To a mixture of (R)-1 (6.9 mg, 0.01 mmol, 10 mol%), quinoline 6 (20.5 mg, 0.1 mmol, 1.0 equiv.) and Hantzsch ester 7 (55.7 mg, 0.220 mmol, 2.2 equiv.) were added in CH₂Cl₂ (1.4 mL) at room temperature for 24 h. The crude product was purified by column chromatography on silica gel (n-hexane/EtOAc = 97/3) to give product 8 (20.5 mg, 98% yield) as a yellow oil.

The ¹H NMR spectrum matched the one reported by Lacôte et al. [32].

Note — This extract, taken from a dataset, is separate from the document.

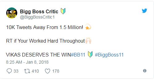 ਬਿਗ ਬਾਸ ਸੀਜਨ 11 ਵਿਚ ਇਕ ਨਹੀਂ ਕਈ ਅਜਿਹੇ ਰਿਕਾਰਡ ਬਣੇ ਹਨ, ਜੋ ਕਿ ਪਹਿਲਾਂ ਕਿਸੇ ਸੀਜਨ ਵਿਚ ਨਹੀਂ ਦੇਖਣ ਨੂੰ ਮਿਲੇ ਸਨ। ਟਵਿਟਰ 'ਤੇ ਵਿਕਾਸ ਗੁਪਤਾ ਦੇ ਸਪੋਰਟ ਵਿਚ ਉਨ੍ਹਾਂ ਦੇ ਫੈਨਸ ਨੇ ਇਕ ਟ੍ਰੈਂਡ ਚਲਾਇਆ। ਇਸ ਟ੍ਰੈਂਡ 'ਤੇ ਹੁਣ ਤੱਕ ਕਰੀਬ 1 . 5 ਮਿਲੀਅਨ ਟਵੀਟ ਹੋ ਚੁੱਕੇ ਹਨ। ਬਿਗ ਬਾਸ ਜਾਂ ਇੰਡੀਅਨ ਟੀਵੀ ਇੰਡਸਟਰੀ ਦੇ ਇਤਿਹਾਸ ਵਿਚ ਇਹ ਪਹਿਲਾ ਮੌਕਾ ਹੈ ਜਦੋਂ ਕਿਸੇ ਕੰਟੇਸਟੈਂਟ ਦੇ ਸਪੋਰਟ ਵਿਚ ਇਨ੍ਹੇ ਜ਼ਿਆਦਾ ਟਵੀਟ ਹੋਏ ਹੋਣ।

MS (ESI, m/z) 210 [(M + H)⁺]; ¹H NMR (CDCl₃, 300 MHz): δ = 1.93–2.15 (m, 2H), 2.69–2.78 (m, 1H), 2.87–2.98 (m, 1H), 4.03 (brs, 1H), 4.44 (dd, J = 3.0, 9.0 Hz, 1H), 6.53 (d, J = 7.5 Hz, 1H), 6.65 (t, J = 7.5 Hz, 1H), 7.01 (t, J = 7.2 Hz, 2H), 7.25–7.40 (m, 5H).

4. Conclusions

In summary, we have described the synthesis of a new chiral halogen-bond donor, which has a fluorobissulfonyl scaffold with a chiral binaphthyl backbone, and its application as a Lewis acid catalyst. A chiral halogen-bond donor (R)-1 was synthesized from commercially available (R)-1,1′-binaphthol in 16% total yield in 11 steps. The use of a catalytic amount of (R)-1 in the Mukaiyama aldol reaction and quinoline reduction afforded the products in high yield. As far as we know, these are the first examples of chiral XB catalysts containing a sp³-hybridized carbon–iodine moiety. While enantioselectivity could not be induced by (R)-1 in the attempted reactions, the results should be useful for the new design of effective chiral XB catalysts containing a sp³-hybridized carbon–iodine moiety, such as bidentate-type catalysts, but not monodentate-type catalysts, as one example. Further investigation into these possibilities is ongoing in our laboratory.